Still, even should this be the case in most scenarios, I suspect that it cannot be ruled out . If there are multiple bodies in the system, perhaps some orbital resonance will emerge that will result in a stable configuration.
I would be more interested in the climate changes as the planet orbits the 2 stars. While the 2 HZs look circular, is the insolation from the stars, especially if they differ in output (almost surely they must), going to change the climate on the planet? While the axial tilt of the Earth creates regular annual changes, in the case of circumbinary orbits, the position of the 2 stars will differ for each annual orbit. Indeed, they will constantly change during the year, creating relatively rapid warmer and cooler conditions, as well as possible different combined spectral output, which becomes extreme at each eclipse.
How would a biosphere meet these challenges? More rapid reproduction and growth cycles? Differing forms best adapted to different conditions (c.f. Aldiss’ “Helliconia”, or the more extreme changes on Trisolaris in Cixin Lui’s “Three Body trilogy”).
If there is life, especially complex life on planets in circumbinary orbits, it would be fascinating to study how life adapts to any changes in insolation.
Thank you.
The orbital stability of circumbinary planets was proved many times since the ’90s.
They are stable if the planet semi-major axis is larger than 3 times the separation of the central binary star.
Thank you.
I wondered about this while reading about planetary migration observations in our own solar system. If I understand current thinking, this particular orbiting planet would be some type of a gas giant, rocky planets not being expected so far out.
Here at home, as I understand it, our early solar system was a chaotic place with rocky planetesimals (and resonance) playing a huge role in the migration of these gas giants. A young binary system adds much more chaos, particularly at much shorter radii, leading me to wonder if such a gas giant must necessarily have formed beyond the three radii figure that you mentioned.
Again, thank you. Period.
Although I have only scanned the paper, especially the section on stability, I was thinking slightly differently. While there is a barycenter there are 2 gravitational loci orbiting the barycenter. Wouldn’t a planet experience some acceleration in the direction of its orbit as each star passed it? If so, the planet’s orbital radius would increase, while that of the 2 stars’ orbital radii decrease?
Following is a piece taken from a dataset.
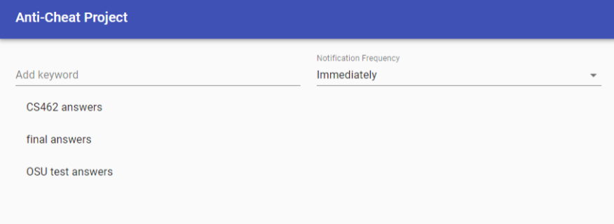 Due to the continuous improvement of the Internet, learning aid websites such as Chegg and Coursehero have appeared. They claim to be a social learning network. Users can access old test questions, assignments, answers, notes, etc. through these sites. Of course, these are not free, users need to pay a certain amount to continue to access the content. However, you can still browse the content by publishing the materials, and the 40 documents will provide users with 1 month of free browsing. This has led to the leakage of teaching content in many schools. The reason why our product is beneficial that not only the content of Oregon State University’s courses has been compromised. On these websites you can find almost all university courses, tests, and answers. Our current work is only for Oregon State University, if the product can achieve the desired effect. The beneficiaries of the product can be more schools. In relation to the scope of the assignment, we should be able to make a basic scraper that can identify websites that contain the course information. Scraping things such as scrape should be quite achievable in the time span that we are provided. Doing things such as scraping images might be a little too ambitious for the time that we have. There also is the question of if we want this to be used as a detector to manually inform that the content needs to be taken down, or are we planning on implementing an automatic system. An automatic system may be out of the scope of the time that we have to complete this assignment. In this project, I was responsible for the back-end part, and I wrote one of the crawlers for the project. In the early stage of the project design, we planned to do the login feature, and I was also responsible for this part, but there was a problem when we tried to integrate with the frontend and backend because Alex used Flask at the frontend, I am not familiar with flash, so the login feature was changed to a simple setting by Alex on the frontend, which does not really have the login feature. At the same time, I was also responsible for the preparation of the API interface, which was written by Cameron and me, and the API interface was called by Alex. For the result part, our initial goal is to send the results to the user's email. Since we did not finish the login feature, we decided to display our search results on the app page. Do you need permission from your teammates and project partner to share certain snippets of code or their intellectual property? - Yes, I think I do need permission from my teammates to share code. How do you distinguish your work from that of the other members of the team? - We only have 3 people in our group. Cameron and I were responsible for the backend, and Alex responsible for the frontend.

This may well be subtle but over billions of years…
The paper’s supplementary data suggests that there is a wide band of possible conditions between very stable orbits and chaotic orbits. It seems quite possible that a planet might well experience quasi-stable orbits yet still migrate, most likely outwards.
In the best scenario, this outward migration might track the increasing stellar output maintaining the orbit in the HZ, or it might migrate faster pushing it out beyond the HZ. OTOH, a binary with 2 different stellar masses may result in the more massive star increasing its output relatively quickly, pushing the HZ outwards until the planet becomes a Venus analog.
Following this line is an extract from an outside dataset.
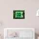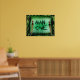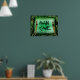 Man Cave art painting in green to black colors with tiki torches on the sides. Man art for his cave. Features a cave wall with early mans signature similar to what a cave man painting. Art for an underground dwelling or dweller where men hang out and do manly things

While reading this post, I had to listen to Steve Lawrence singing Fabulous and his life-long love and wife Eydie Gorme singing Fly Me to the Moon.
The labelling of the respective habitable zones got me, I’m obviously unfamiliar with the field. I would have thought that an ‘optimistic’ HZ would be the larger one.
Interesting study.
What you are looking at is the inner edge of the HZ, not the full range. The optimistic HZ includes the conservative HZ and is extending the inner edge which is increasing its range. Hope this helps.
Of course, thanks Alex. Optimistic inwards rather than what I was thinking – outwards.